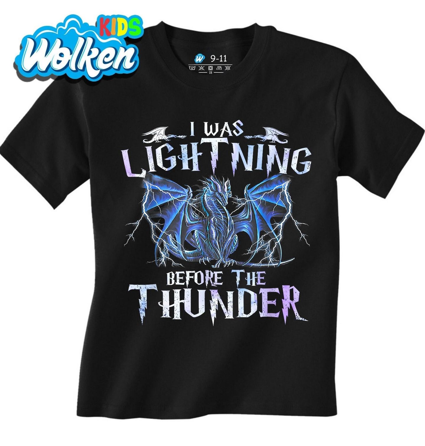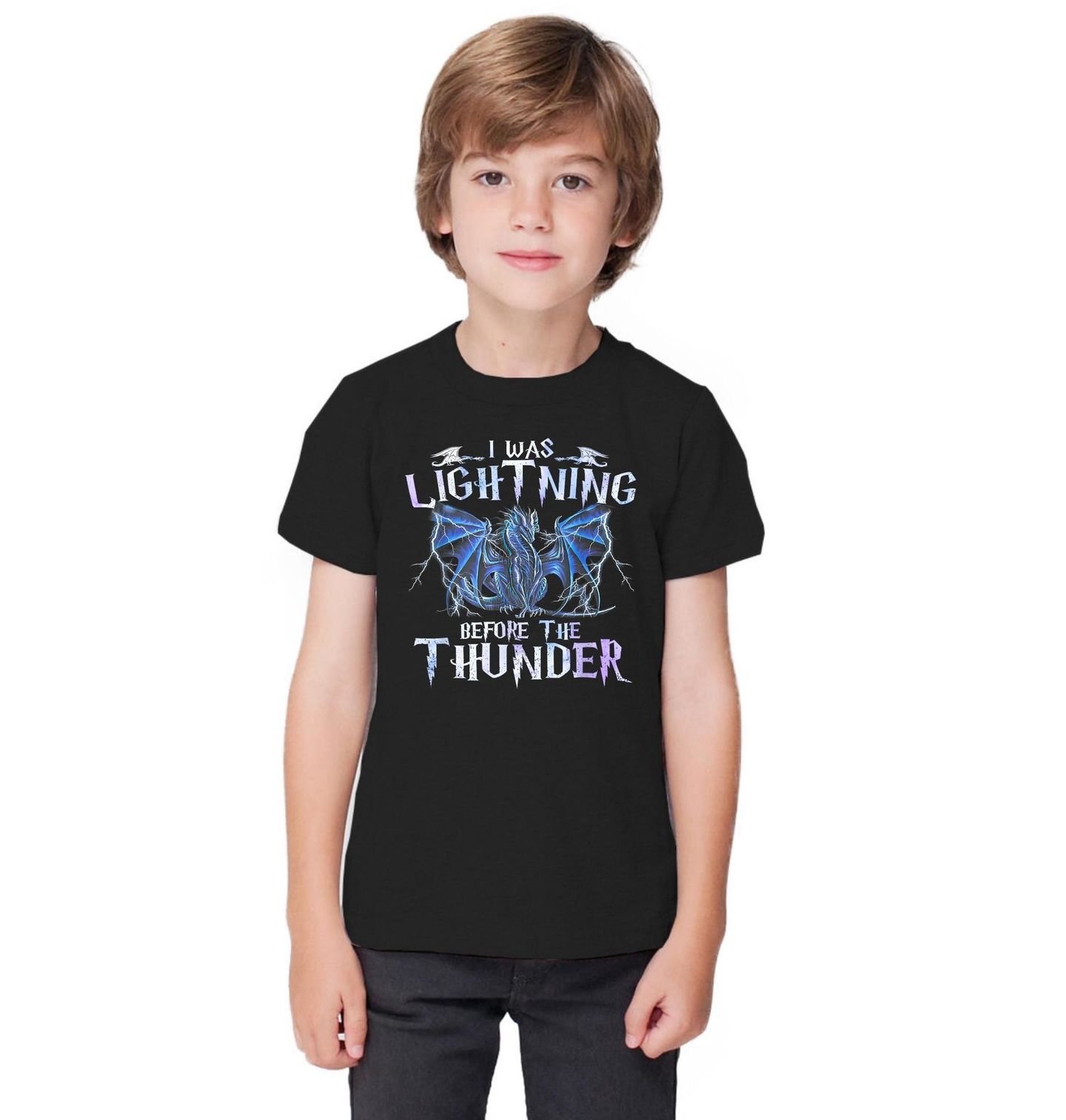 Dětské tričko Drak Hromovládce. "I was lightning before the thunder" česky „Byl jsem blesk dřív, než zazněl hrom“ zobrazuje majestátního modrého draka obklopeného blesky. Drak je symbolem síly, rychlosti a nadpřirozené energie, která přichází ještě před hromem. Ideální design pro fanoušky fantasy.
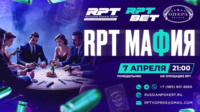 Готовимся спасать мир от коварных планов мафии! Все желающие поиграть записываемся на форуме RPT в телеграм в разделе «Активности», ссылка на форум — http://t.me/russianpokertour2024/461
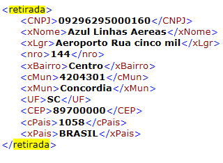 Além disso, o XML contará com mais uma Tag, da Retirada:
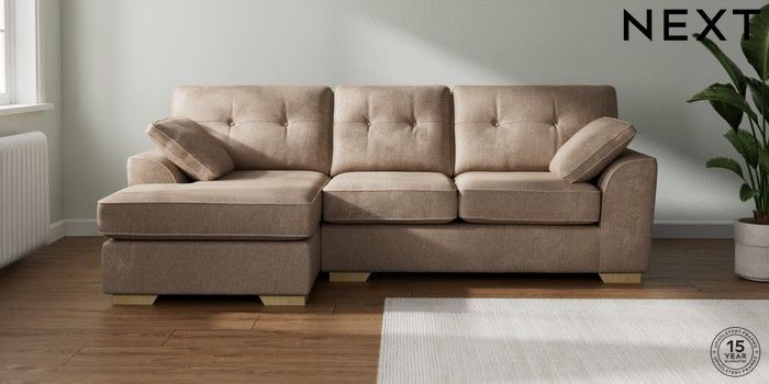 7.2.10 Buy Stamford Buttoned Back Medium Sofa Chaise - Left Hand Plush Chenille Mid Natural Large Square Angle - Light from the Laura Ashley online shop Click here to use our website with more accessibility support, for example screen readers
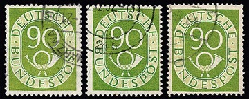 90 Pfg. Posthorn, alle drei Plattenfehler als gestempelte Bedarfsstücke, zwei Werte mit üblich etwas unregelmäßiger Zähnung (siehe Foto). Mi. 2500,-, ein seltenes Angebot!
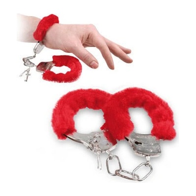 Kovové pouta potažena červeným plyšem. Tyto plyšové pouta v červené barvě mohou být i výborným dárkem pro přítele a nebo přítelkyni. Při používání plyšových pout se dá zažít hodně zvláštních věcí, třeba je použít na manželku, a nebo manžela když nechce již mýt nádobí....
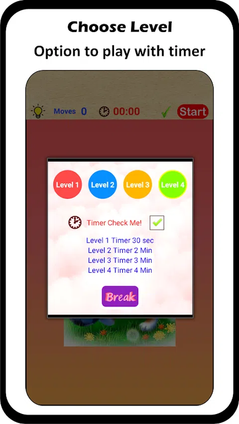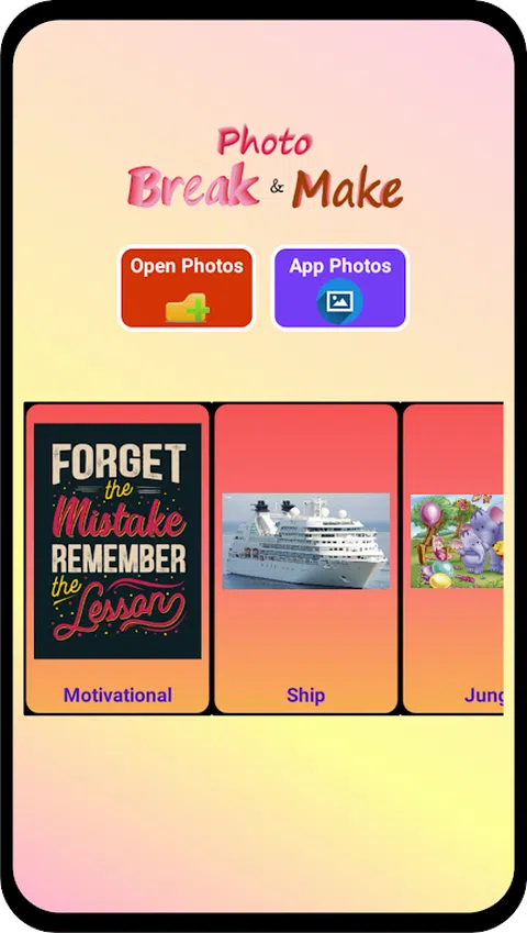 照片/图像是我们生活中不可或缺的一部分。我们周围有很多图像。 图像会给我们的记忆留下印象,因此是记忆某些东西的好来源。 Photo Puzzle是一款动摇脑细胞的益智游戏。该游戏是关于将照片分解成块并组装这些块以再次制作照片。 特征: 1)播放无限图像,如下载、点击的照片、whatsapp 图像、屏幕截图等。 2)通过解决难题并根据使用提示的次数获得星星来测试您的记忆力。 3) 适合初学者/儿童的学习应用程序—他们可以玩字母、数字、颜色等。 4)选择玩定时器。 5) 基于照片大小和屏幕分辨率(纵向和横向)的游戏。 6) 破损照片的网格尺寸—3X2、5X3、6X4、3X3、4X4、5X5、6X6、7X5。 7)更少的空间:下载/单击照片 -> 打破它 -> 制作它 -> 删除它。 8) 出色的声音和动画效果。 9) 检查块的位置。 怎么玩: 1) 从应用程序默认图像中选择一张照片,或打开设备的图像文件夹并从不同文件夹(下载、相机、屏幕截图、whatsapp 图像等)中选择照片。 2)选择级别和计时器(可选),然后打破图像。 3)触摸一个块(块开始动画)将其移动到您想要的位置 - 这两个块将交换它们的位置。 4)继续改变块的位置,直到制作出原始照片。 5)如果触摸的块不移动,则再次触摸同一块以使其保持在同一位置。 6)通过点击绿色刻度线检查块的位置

__EXERCISE__.
What is needed is an exact copy of the lines above, from the one holding "Além disso, o" down to the one holding "Kovové pouta potažena", with those two included and the pictures left out.

__RESULT__.
 Além disso, o XML contará com mais uma Tag, da Retirada:
 7.2.10 Buy Stamford Buttoned Back Medium Sofa Chaise - Left Hand Plush Chenille Mid Natural Large Square Angle - Light from the Laura Ashley online shop Click here to use our website with more accessibility support, for example screen readers
 90 Pfg. Posthorn, alle drei Plattenfehler als gestempelte Bedarfsstücke, zwei Werte mit üblich etwas unregelmäßiger Zähnung (siehe Foto). Mi. 2500,-, ein seltenes Angebot!
 Kovové pouta potažena červeným plyšem. Tyto plyšové pouta v červené barvě mohou být i výborným dárkem pro přítele a nebo přítelkyni. Při používání plyšových pout se dá zažít hodně zvláštních věcí, třeba je použít na manželku, a nebo manžela když nechce již mýt nádobí....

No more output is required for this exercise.